Multivariable logistic regression modeling in the subgroup of patients with Day 1 plasma IL-6 concentrations available.

Dependent Variable	Independent Variable	Model 1	Model 2	Model 3
Day 3 AKI	Total FGF23	1.99 (1.44, 2.75), p<0.001	1.42 (0.95, 2.14), p = 0.09	1.26 (0.81, 1.96), p = 0.31
Day 60 mortality	Total FGF23	1.27 (0.92, 1.75), p = 0.14	1.38 (0.90, 2.11), p = 0.14	1.35 (0.88, 2.09), p = 0.17

This subgroup includes 135 subjects.
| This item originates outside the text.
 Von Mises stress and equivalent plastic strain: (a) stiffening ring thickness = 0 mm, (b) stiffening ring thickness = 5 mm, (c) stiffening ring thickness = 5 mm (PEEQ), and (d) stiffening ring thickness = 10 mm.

In these models, the dependent variable is acute kidney injury (AKI) at three days post-ARDS diagnosis or mortality by 60 days post-ARDS diagnosis. The independent variable is Day 1 plasma total FGF23, which was log-transformed to correct for skewness. Model 1 is unadjusted. Model 2 is adjusted for age, sex, the presence or absence of Day 1 AKI, P/F ratio, and PRISM score. Model 3 is further adjusted for log-transformed Day 1 plasma IL-6. Data shown are odds ratios and 95% confidence intervals.